Input: arr[] = {1, 2, 2}
Output: Yes
Explanation: 
One of the possible ways to color is:  {“Red”, “blue”, “blue”}.

  1. For arr[0](=1), there is exactly 1 distinct color, which is “blue”.
  2. For arr[1](=2), there are exactly 2 distinct colors, which are “blue” and “red”.
  3. For arr[2](=3), there are exactly 2 distinct colors, which are “blue” and “red”.

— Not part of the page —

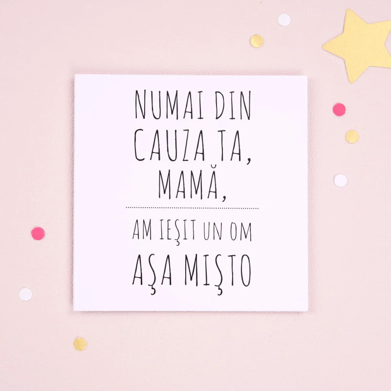 Felicitarea "Vina mamei" e un cadou amuzant si emotionant pentru femeia extraordinara care este, asa ca reaminteste-i mamei tale cat de mult inseamna pentru tine, cu ocazia zilei de 8 Martie, de Craciun, de ziua ei sau oricand simti ca are nevoie sa stie asta. Am imprimat pe felicitare mesajul: "Numai din cauza ta, mama, am iesit un om asa misto" pentru ca, recunoaste, merita! E numai vina ei!
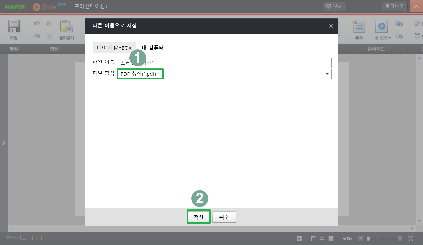 마지막으로 파일 형식을 PDF로 지정한 뒤

Input: arr[] = {4, 3, 4, 3, 4}
Output: No

 

Approach: The problem can be solved based on the following observations:



  1. For 2 objects, there are N-2 objects common while calculating the number of distinct colors. Therefore, there can be a difference of at most 1 between the maximum and minimum element of the array arr[].
  2. Now there are two cases:
    1. If the maximum and minimum elements are equal, then the answer is “Yes”,  only if the element is N – 1 or the element is less than or equal to N/2, because every color can be used more than once.
    2. If the difference between the maximum and minimum element is 1, then the number of distinct colors in the N object must be equal to the maximum element, because the minimum element is 1 less than the maximum element.
      • Now, assuming the frequency of the minimum element as X and the frequency of the maximum element as Y, then the answer is “Yes” if and only if X+1 ≤ A ≤ X+ Y/2 (observation-based).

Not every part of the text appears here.